Task prompt: Your answer should hold only the lines from the one containing "Nous vous proposons" through the last line below, copied exactly; pictures stay out.

Source data:
= = =
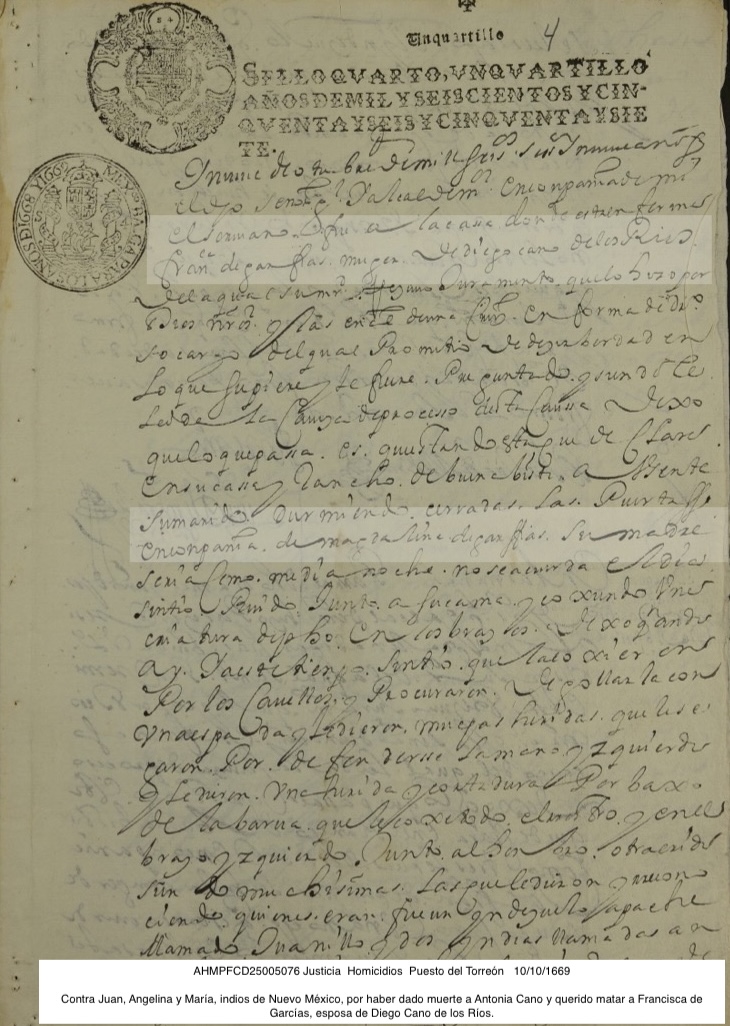Testimony | Inquest into Death of Antonia Cano de los Rios 1669 (Age 69 years)Francisca Testimony Note: Francisca testified that she was daughter of Magdalena de Garfias. Francisca was injured by Apache Indian servants at their ranch of Buena Vista in 1669.
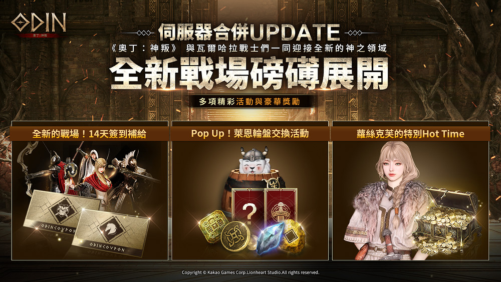 《奧丁:神叛》 期盼戰士們都能在新伺服器內展開全新的冒險與遊玩體驗,爲此遊戲內也準備了多項精彩活動與豪華禮物。
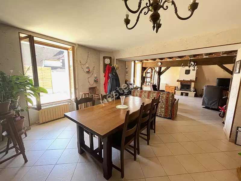 Nous vous proposons sur la commune de CHABRIS : belle longère des années 1880, d'environ 160 m², qui se compose au rez-de-chaussée, d'un spacieux et lumineux salon - séjour de près de 60 m² avec cheminée insert, une cuisine aménagée et équipée, une chambre de 13 m², un couloir accédant à une salle d'eau, un WC indépendant, l'espace chaufferie et un cellier / buanderie de 16 m². A l'étage, un palier desservant une grande chambre de 17 m² environ, deux chambres en enfilade de 9 et 10 m², et un WC indépendant. Sur le terrain, vous retrouverez un atelier, un hangar pouvant accueillir deux véhicules, anciens taies à cochon. Terrain d'environ 1 000 m² entièrement clôturé et avec double accès. Les + : vie de plain-pied, chauffage par pompe à chaleur de 2022, fenêtres en bois double vitrage. Rafraîchissement à prévoir et assainissement à remettre aux normes. Située dans un hameau au calme, à 5 minutes du centre-ville de CHABRIS où vous retrouverez toutes les commodités (boucherie, boulangerie, maison médical, épicerie... ) et les écoles jusqu'au collège. Pour plus de renseignements, contactez notre agence au 02.54.40.16.58 ! (6.50 % honoraires TTC à la charge de l'acquéreur.)
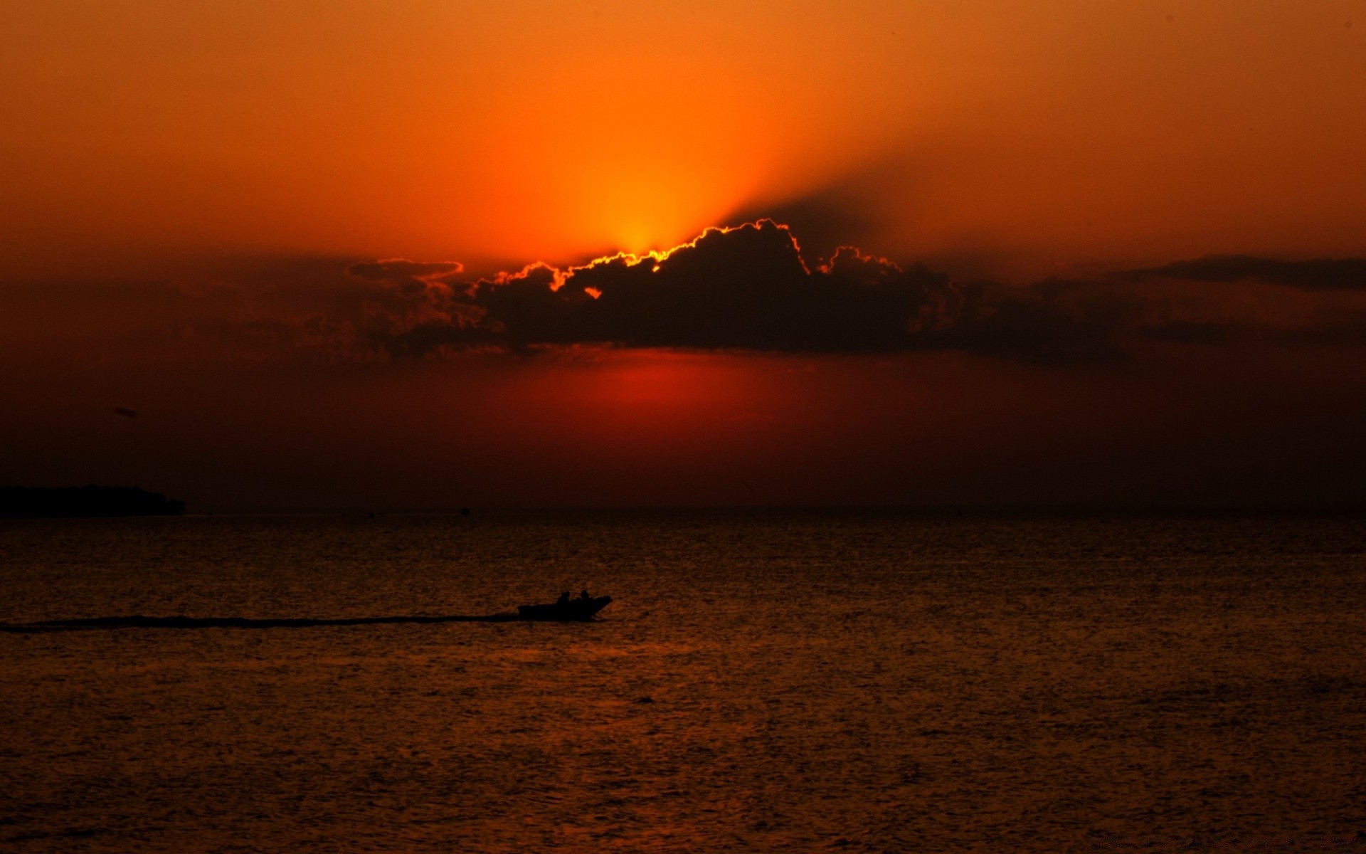 Barco corre pelo mar ao pôr do sol
= = =
Output of the task:
 Nous vous proposons sur la commune de CHABRIS : belle longère des années 1880, d'environ 160 m², qui se compose au rez-de-chaussée, d'un spacieux et lumineux salon - séjour de près de 60 m² avec cheminée insert, une cuisine aménagée et équipée, une chambre de 13 m², un couloir accédant à une salle d'eau, un WC indépendant, l'espace chaufferie et un cellier / buanderie de 16 m². A l'étage, un palier desservant une grande chambre de 17 m² environ, deux chambres en enfilade de 9 et 10 m², et un WC indépendant. Sur le terrain, vous retrouverez un atelier, un hangar pouvant accueillir deux véhicules, anciens taies à cochon. Terrain d'environ 1 000 m² entièrement clôturé et avec double accès. Les + : vie de plain-pied, chauffage par pompe à chaleur de 2022, fenêtres en bois double vitrage. Rafraîchissement à prévoir et assainissement à remettre aux normes. Située dans un hameau au calme, à 5 minutes du centre-ville de CHABRIS où vous retrouverez toutes les commodités (boucherie, boulangerie, maison médical, épicerie... ) et les écoles jusqu'au collège. Pour plus de renseignements, contactez notre agence au 02.54.40.16.58 ! (6.50 % honoraires TTC à la charge de l'acquéreur.)
 Barco corre pelo mar ao pôr do sol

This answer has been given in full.